A fully-customizable plugin for Payload CMS to create a collection for comments, reviews, or other user-submitted feedback on your website or web application.
- Core Features
- Use Cases
- Installation
- Basic Usage
- Default Options
- Options
- slug
- singularLabel
- admin
- fields
- timestamps
- addCommentPath
- addCommentMethod
- hasPublishedCommentPath
- hasPublishedCommentMethod
- hasPublishedCommentFields
- additionalEndpoints
- collectionsAllowingComments
- sendAlert
- alertRecipients
- alertFrom
- alertSubject
- alertIntro
- alertClosing
- alertEditUrlBase
- autoPublish
- autoPublishConditions
processCommentHandler for New Comments- Submitting a
Requestto the/add-commentAPI Endpoint - Comment Validation
- Adds a collection to your Payload CMS instance for comments with the following features out of the box:
- Standard fields configured by default
- Payload API endpoint to which you can POST comment data
- Comment processing/validation callback
- Option to receive email whenever a new comment is received.
- Fully customizable
- Add, edit, remove collection fields
- Add comment approval logic, including the ability to set parameters to approve when a new comment is received.

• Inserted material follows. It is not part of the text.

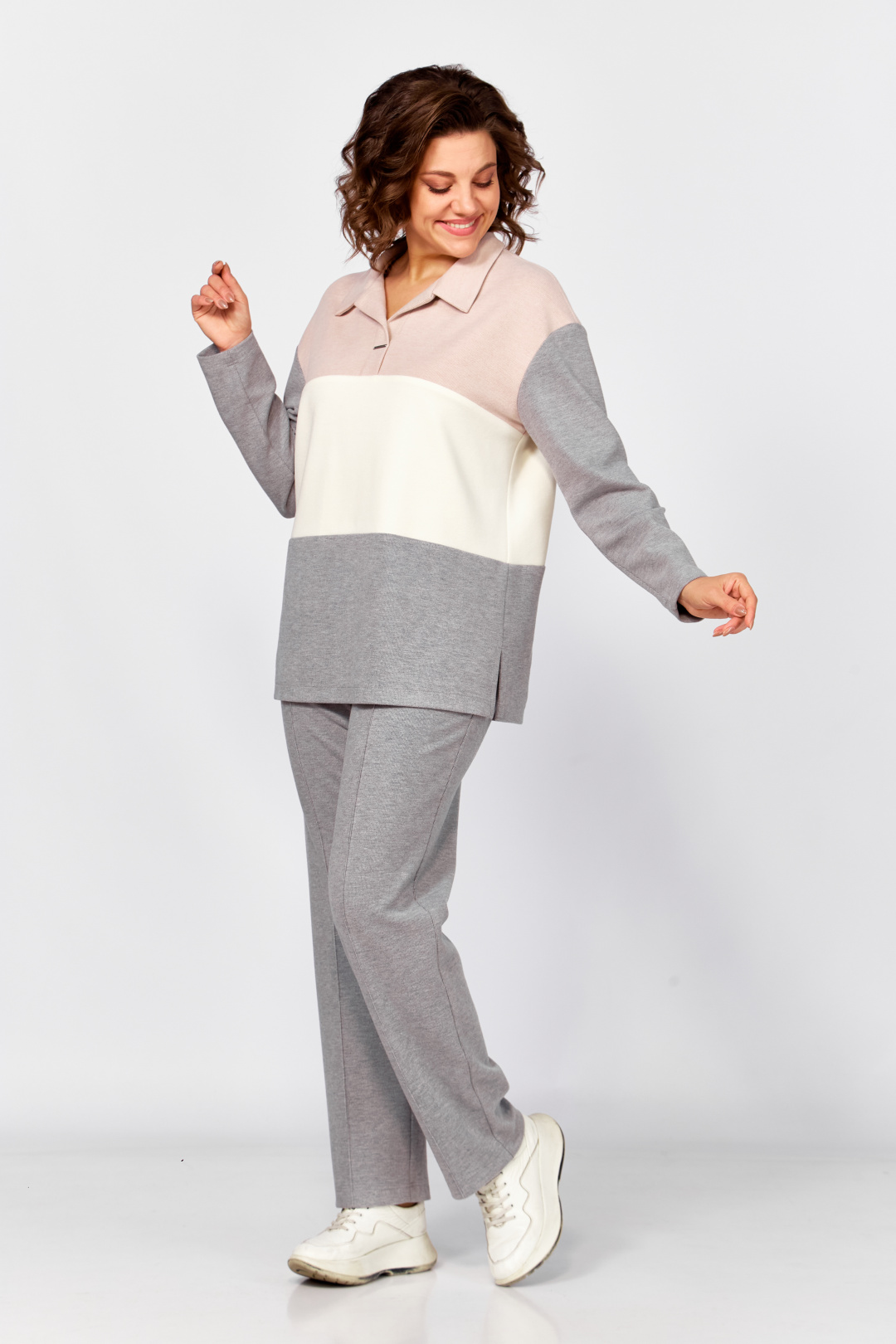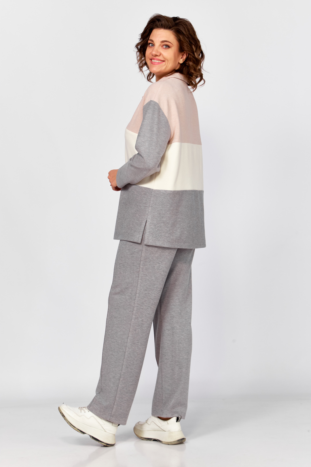 Женский двухпредметный костюм состоит из удлиненного джемпера и брюк, выполнен из трикотажного полотна в мелкий рубчик 3 цветов.

- Customize email sent when a new comment is received.
- Blog/article comments
- Product reviews
- Discussion forums
- Any other user-authored content for your website or Payload application
npm i payload-plugin-comments
In the plugins array of your Payload config, call the plugin with options:
import { buildConfig } from "payload/config";
import search from "@payloadcms/plugin-search";
export default buildConfig({
collections: [
{
slug: "pages",
fields: [],
},
{
slug: "posts",
fields: [],
},
],
plugins: [
comments(),
],
});If you call comments() without an options object, the plugin will add a Comments collection to your Payload instance with the following default options:
const defaultOptions = {
slug: 'comments',
singularLabel: 'comment',
admin: {
defaultColumns: ['id', 'author', 'email', 'isApproved', 'content'],
useAsTitle: 'id',
},
fields: [
{
name: 'author',
type: 'text',
},
{
name: 'email',
type: 'email',
},
{
name: 'content',
type: 'textarea'
},
{
name: 'replyPost',
type: 'relationship',
relationTo: 'posts',
},
{
name: 'replyComment',
type: 'relationship',
relationTo: 'comments',
},
{
name: 'isApproved',
type: 'checkbox',
defaultValue: false,
},
],
timestamps: true,
addCommentPath: '/add-comment',
addCommentMethod: 'post',
hasPublishedCommentPath: '/has-published-comment',
hasPublishedCommentMethod: 'post',
hasPublishedCommentFields: ['email'],
collectionsAllowingComments: [],
sendAlert: false,
alertRecipients: [],
alertFrom: '',
alertSubject: 'Your site received a new comment',
alertIntro: '<p>Your site received the following comment.</p>',
alertClosing: '<p>Please log in to review, approve, or delete this comment.</p>',
alertEditUrlBase: '',
autoPublish: false,
autoPublishConditions: [],
additionalEndpoints: [],
}If you pass in an options object to comments(), whatever property/value pairs you include in your options will override the defaults. Any properties not overridden by the options object you pass will fall back to their default values.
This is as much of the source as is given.